What is so bad about Med-Surg? By and large, most posts are about how much people hate it. I have seen maybe two responses that say they love it. Is it the nature of med-surg patients, the way that hospitals over burden their nurses with high patient ratios, an ancient nursing curse? Have nurses always dreaded med-surg floors, or is this a relatively new phenomenon?

Specializes in Critical Care, Education.

MedSurg is the area in which you have to deal with the largest variety of clinical issues in any acute care setting: patients, physicians, etc. "Specialty" areas are much more limited in scope - dealing with a particular type of patient/diagnosis. If you add in telemetry (which is very common on MedSurg units) it is the ultimate nursing challenge.

Many of us really enjoy the variety and find it much more intellectually stimulating than other areas. Different strokes - right? You need to decide for yourself rather than accept the opinions of others.

Thank you the reply.

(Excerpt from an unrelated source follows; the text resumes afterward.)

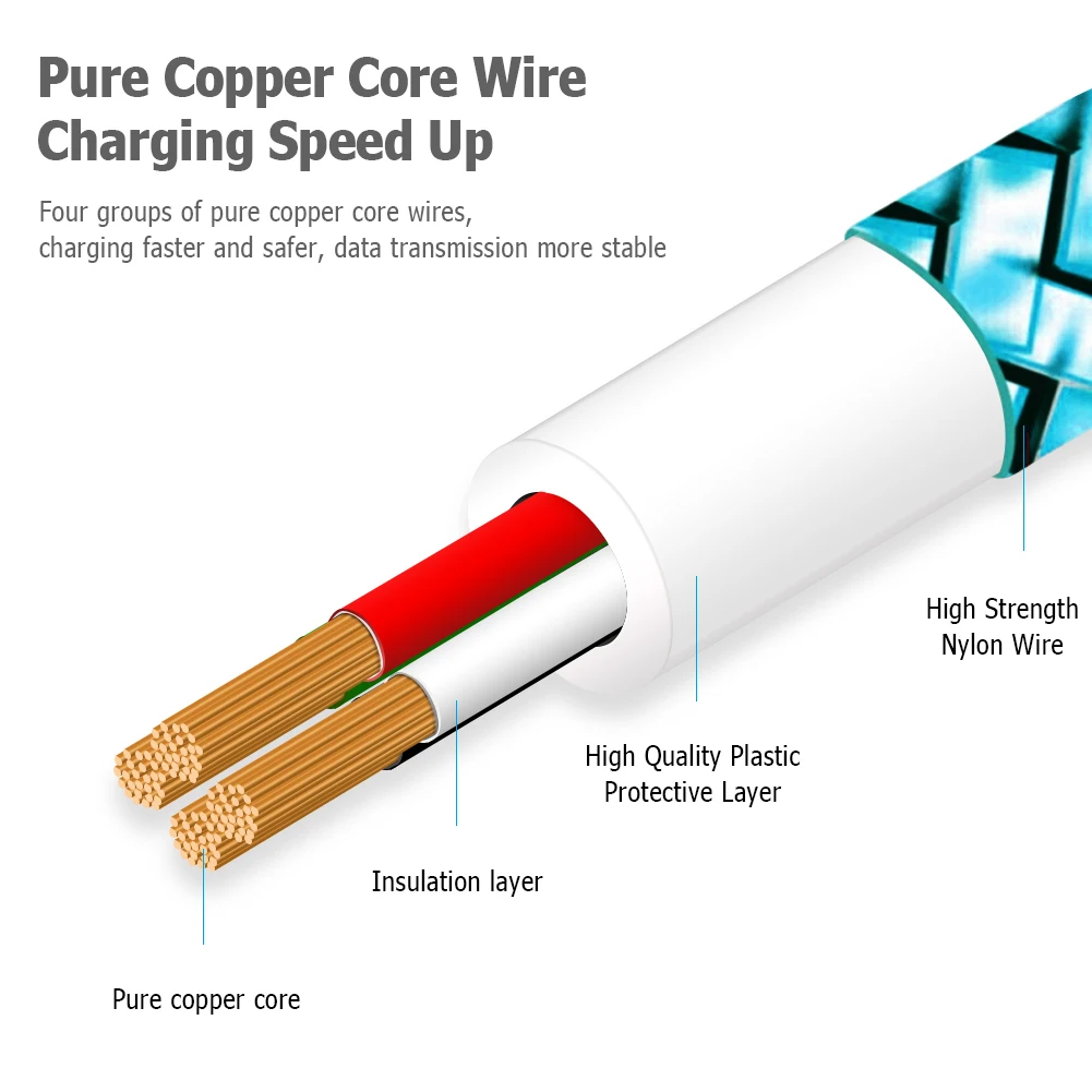 Быстрая зарядка и синхронизация данных, изготовленные с проводами с низким сопротивлением, которые позволяют нашим кабелям заряжать быстрее, чем обычные USB-кабели.

I am not actually making any decision about anything. It's really just a curiosity that I have.

So there's one for too much variation/unpredictability.

Specializes in ICU.

For me it was too many awake patients. Patients on med/surg are sometimes well enough to constantly want their pillows fluffed and for you to bring them more cups of water, and you may have up to 8 or more of them at once depending on your hospital. Then, they get irritated because you don't show up immediately when they ask you for something. I just don't have patience for that sort of behavior.